[Records from a data collection]
------------------------------------------------------------------------

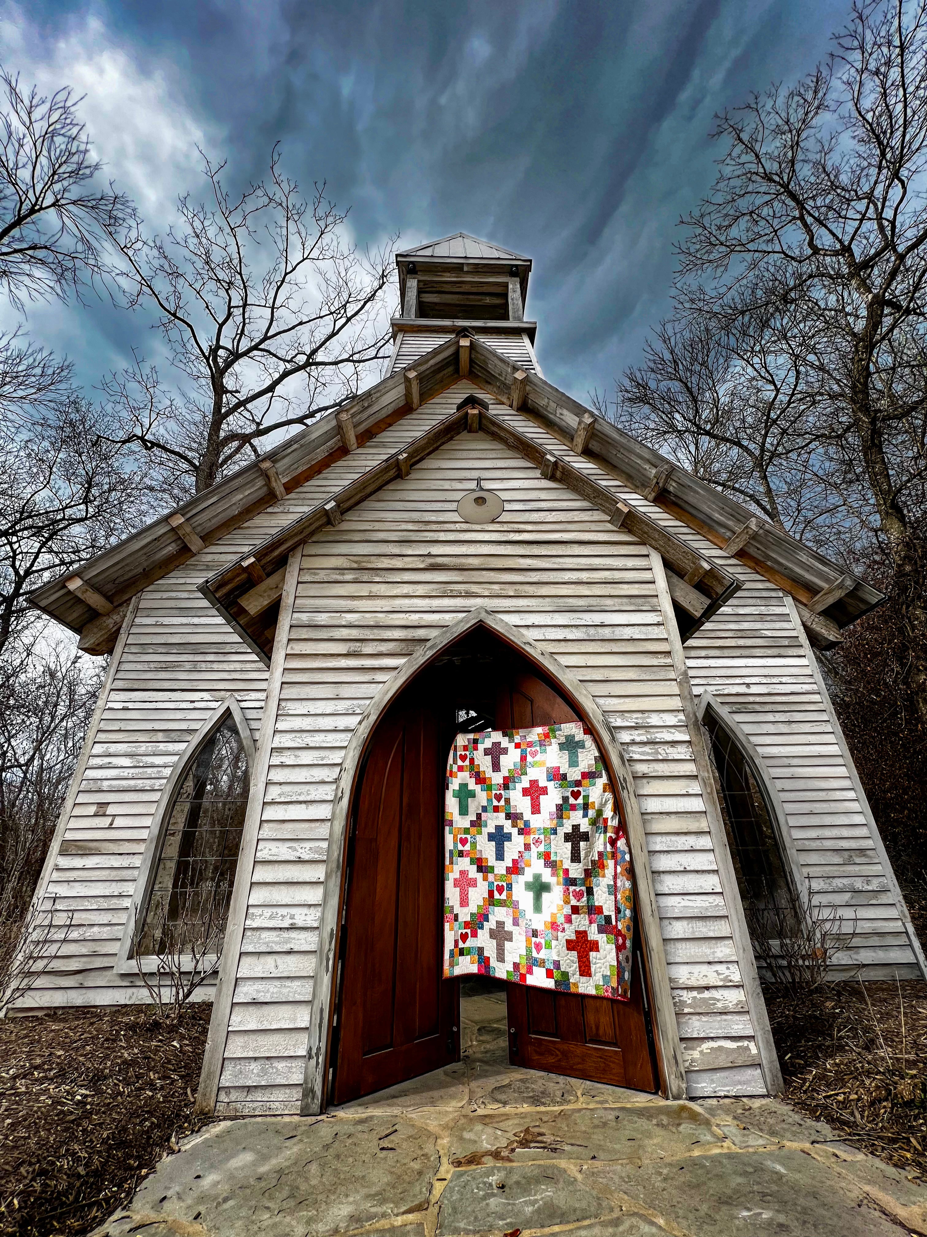 Perfect Peaces quilt was designed to reflect all the small pieces of life. The people we love, the happy times and even the rough patches are sewn together to create our story. The crosses and hearts reflect that He is the answer to a beautiful life and perfect peace! This quilt was also designed with smaller piecing to lend itself as a memory quilt.
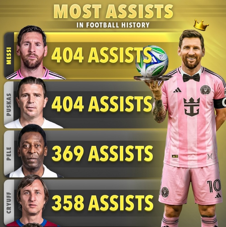 11月24日讯 好意思职联比赛,梅西1射3助指引迈阿密4-0完胜辛辛那提,晋级东部决赛。至此,梅西已作事生计助攻数已达404次。据score90数据统计,梅西404次助攻已追平普斯卡什,两东谈主并排天下足坛助攻榜榜首。
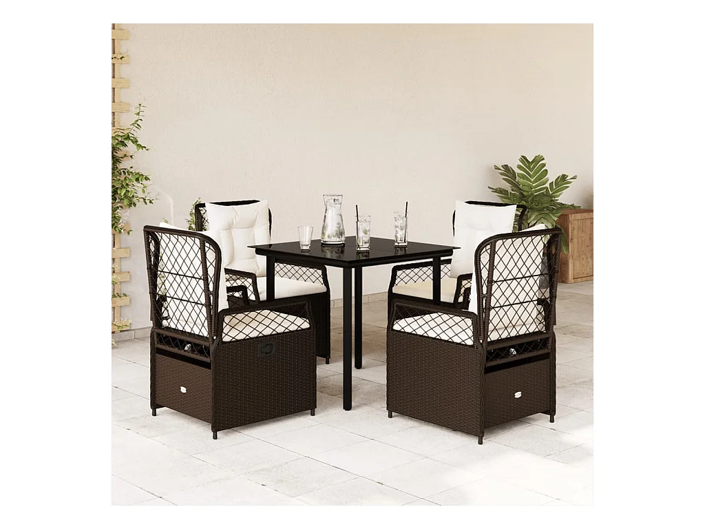 Ensemble à manger de jardin 5 pcs et coussins marron poly rotin
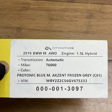 VIN: WBY2Z2C56GV675333 I12. 2016 BMW i8 Coupe B38. 2015 BMW i8 Coupe B38. 2014 BMW i8 Coupe B38. Engine & Transmission. 12329489808 / 9489808.
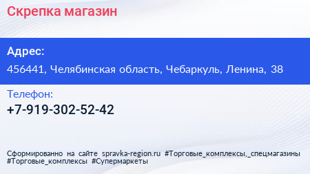 Скрепка, магазин по адресу 456441, Челябинская область, Чебаркуль, Ленина, 38 в дальнейшем Организация, размещена в следующих категориях:
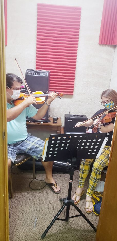 Joe and Sonya give lessons along with visiting instructors. Joe Reihner specializes in string instruments – guitar, violin, banjo, bass, mandolin and, on rare occasions, the harp. Sonya teaches flute, which pre- and post-pandemic are best conducted in soundproof rooms in the back of the building.
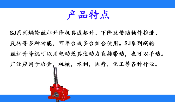 SJ系列蝸輪絲杠升降機具成起升、下降及借助軸件推進、反轉(zhuǎn)等多種功能,可單臺或多臺組合使用。
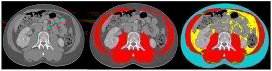 Example body composition analysis. The left image displays a cross-sectional view at the lumbar level L3, the middle image indicates muscle mass tagged in red, and the right image shows subcutaneous adipose tissue tagged in blue and visceral adipose tissue tagged in yellow.
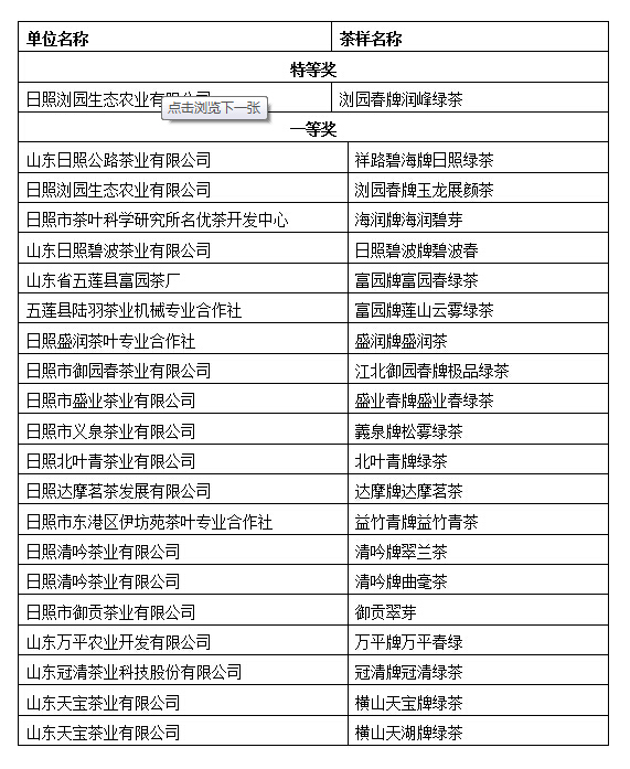 第十一届“中茶杯”全国名优茶评比(第一阶段)获奖名单(日照绿茶获奖企业和茶样名称)
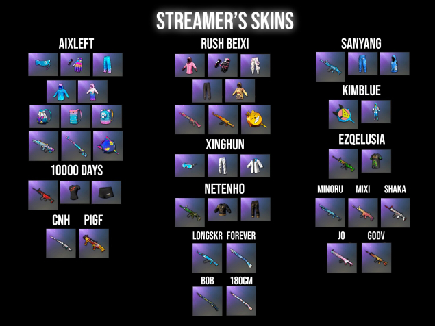 ➖ Наборы стримерской одежды и оружий «AixLeft», «10000 DAYS», «Rush BeiXi», «Xinghun», «Neteho», «SanYang», «KimBlue»;
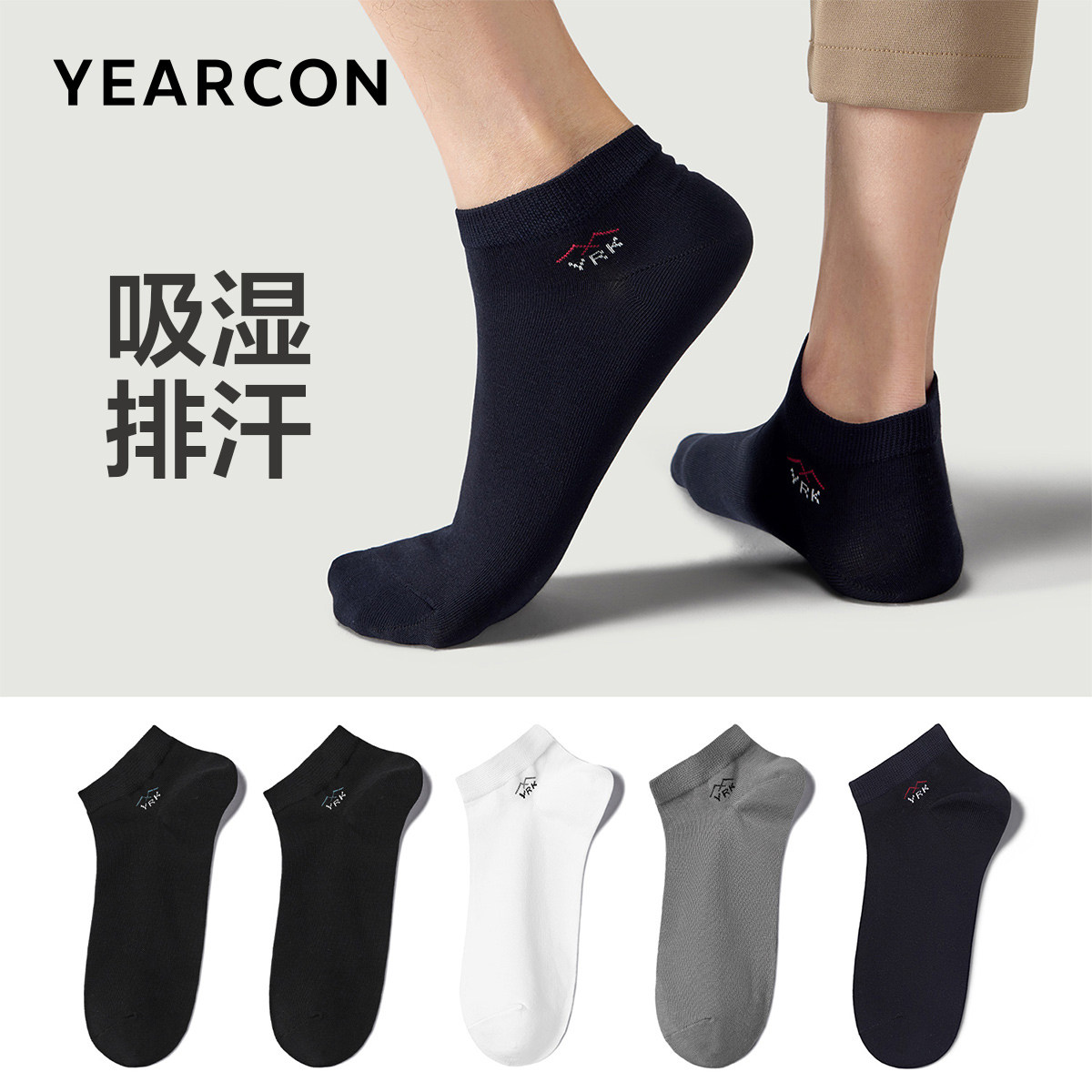 📚 意尔康简约字母男短袜秋季新款休闲纯色透气袜子精梳棉时尚短筒袜
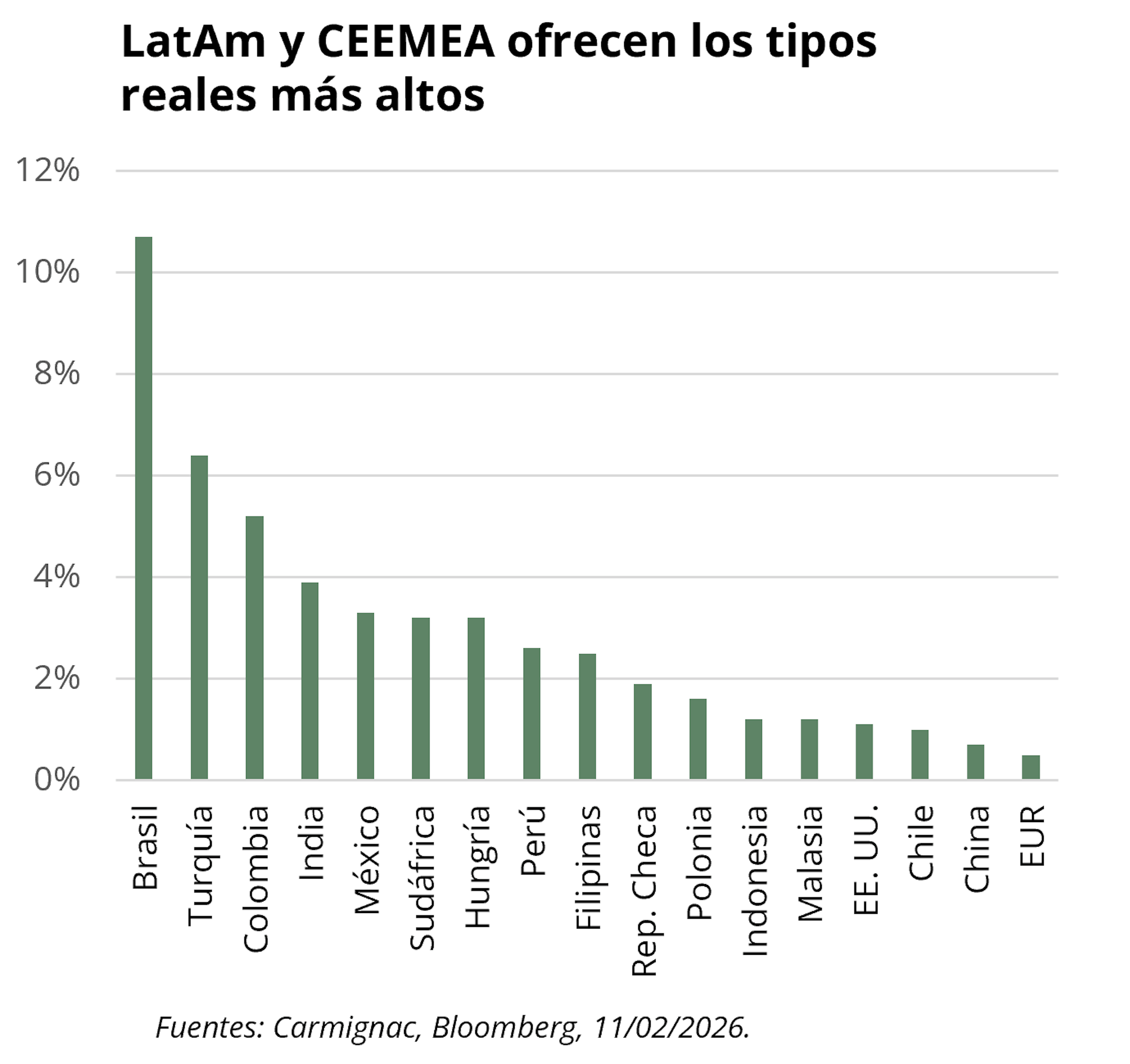 Sin embargo, ese contexto constructivo no se aplica de manera uniforme en todo el universo. La selectividad es esencial. Nos estamos centrando en países donde las políticas restrictivas, la mejora de los fundamentos económicos y la credibilidad de los bancos centrales crean un claro margen para la bajada de los tipos de interés.

------------------------------------------------------------------------

- _What to work on_: With the pictures left aside, write out all of the records above exactly.

- _Exercise response_:
 Perfect Peaces quilt was designed to reflect all the small pieces of life. The people we love, the happy times and even the rough patches are sewn together to create our story. The crosses and hearts reflect that He is the answer to a beautiful life and perfect peace! This quilt was also designed with smaller piecing to lend itself as a memory quilt.
 11月24日讯 好意思职联比赛,梅西1射3助指引迈阿密4-0完胜辛辛那提,晋级东部决赛。至此,梅西已作事生计助攻数已达404次。据score90数据统计,梅西404次助攻已追平普斯卡什,两东谈主并排天下足坛助攻榜榜首。
 Ensemble à manger de jardin 5 pcs et coussins marron poly rotin
 VIN: WBY2Z2C56GV675333 I12. 2016 BMW i8 Coupe B38. 2015 BMW i8 Coupe B38. 2014 BMW i8 Coupe B38. Engine & Transmission. 12329489808 / 9489808.
 Скрепка, магазин по адресу 456441, Челябинская область, Чебаркуль, Ленина, 38 в дальнейшем Организация, размещена в следующих категориях:
 Joe and Sonya give lessons along with visiting instructors. Joe Reihner specializes in string instruments – guitar, violin, banjo, bass, mandolin and, on rare occasions, the harp. Sonya teaches flute, which pre- and post-pandemic are best conducted in soundproof rooms in the back of the building.
 SJ系列蝸輪絲杠升降機具成起升、下降及借助軸件推進、反轉(zhuǎn)等多種功能,可單臺或多臺組合使用。
 Example body composition analysis. The left image displays a cross-sectional view at the lumbar level L3, the middle image indicates muscle mass tagged in red, and the right image shows subcutaneous adipose tissue tagged in blue and visceral adipose tissue tagged in yellow.
 第十一届“中茶杯”全国名优茶评比(第一阶段)获奖名单(日照绿茶获奖企业和茶样名称)
 ➖ Наборы стримерской одежды и оружий «AixLeft», «10000 DAYS», «Rush BeiXi», «Xinghun», «Neteho», «SanYang», «KimBlue»;
 📚 意尔康简约字母男短袜秋季新款休闲纯色透气袜子精梳棉时尚短筒袜
 Sin embargo, ese contexto constructivo no se aplica de manera uniforme en todo el universo. La selectividad es esencial. Nos estamos centrando en países donde las políticas restrictivas, la mejora de los fundamentos económicos y la credibilidad de los bancos centrales crean un claro margen para la bajada de los tipos de interés.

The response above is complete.